- **WORK ORDER**
When you reach the line with "A német cég" in the listing below, transcribe it and each line after it up to and including the line with "Como se muestra", exactly and with nothing else.

- **DATASET ENTRIES**
^^^^^^^^^^^^^^^^

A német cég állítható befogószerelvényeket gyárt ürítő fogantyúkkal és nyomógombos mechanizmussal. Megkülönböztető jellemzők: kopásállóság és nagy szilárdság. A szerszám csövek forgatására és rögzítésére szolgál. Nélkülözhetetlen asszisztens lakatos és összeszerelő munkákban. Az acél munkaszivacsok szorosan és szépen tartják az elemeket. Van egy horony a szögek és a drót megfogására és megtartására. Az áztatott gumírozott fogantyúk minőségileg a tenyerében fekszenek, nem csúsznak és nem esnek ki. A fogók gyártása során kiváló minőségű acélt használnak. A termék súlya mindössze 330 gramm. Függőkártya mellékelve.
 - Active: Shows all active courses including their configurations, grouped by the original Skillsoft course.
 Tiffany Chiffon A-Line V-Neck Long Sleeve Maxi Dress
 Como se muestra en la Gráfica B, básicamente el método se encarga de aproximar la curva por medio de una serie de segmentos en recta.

^^^^^^^^^^^^^^^^

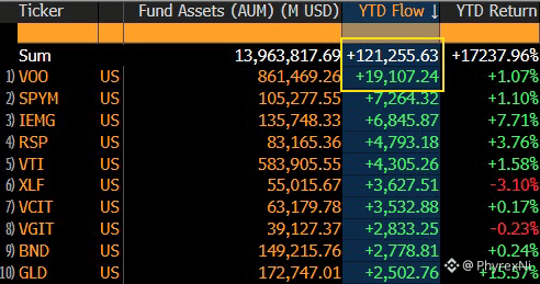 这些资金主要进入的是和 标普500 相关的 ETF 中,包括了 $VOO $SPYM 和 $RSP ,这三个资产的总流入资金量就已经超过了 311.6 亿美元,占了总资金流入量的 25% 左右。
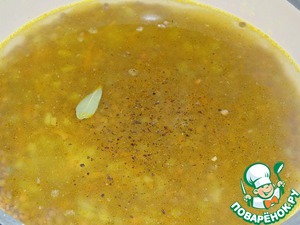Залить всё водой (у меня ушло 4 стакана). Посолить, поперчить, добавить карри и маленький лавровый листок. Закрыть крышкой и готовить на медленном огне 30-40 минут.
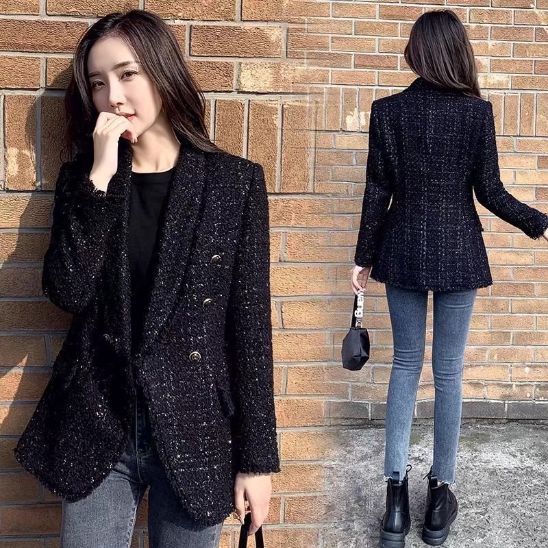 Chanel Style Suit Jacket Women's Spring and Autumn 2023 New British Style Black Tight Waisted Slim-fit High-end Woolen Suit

^^^^^^^^^^^^^^^^

- **ANSWER FOR THIS EXERCISE**
A német cég állítható befogószerelvényeket gyárt ürítő fogantyúkkal és nyomógombos mechanizmussal. Megkülönböztető jellemzők: kopásállóság és nagy szilárdság. A szerszám csövek forgatására és rögzítésére szolgál. Nélkülözhetetlen asszisztens lakatos és összeszerelő munkákban. Az acél munkaszivacsok szorosan és szépen tartják az elemeket. Van egy horony a szögek és a drót megfogására és megtartására. Az áztatott gumírozott fogantyúk minőségileg a tenyerében fekszenek, nem csúsznak és nem esnek ki. A fogók gyártása során kiváló minőségű acélt használnak. A termék súlya mindössze 330 gramm. Függőkártya mellékelve.
 - Active: Shows all active courses including their configurations, grouped by the original Skillsoft course.
 Tiffany Chiffon A-Line V-Neck Long Sleeve Maxi Dress
 Como se muestra en la Gráfica B, básicamente el método se encarga de aproximar la curva por medio de una serie de segmentos en recta.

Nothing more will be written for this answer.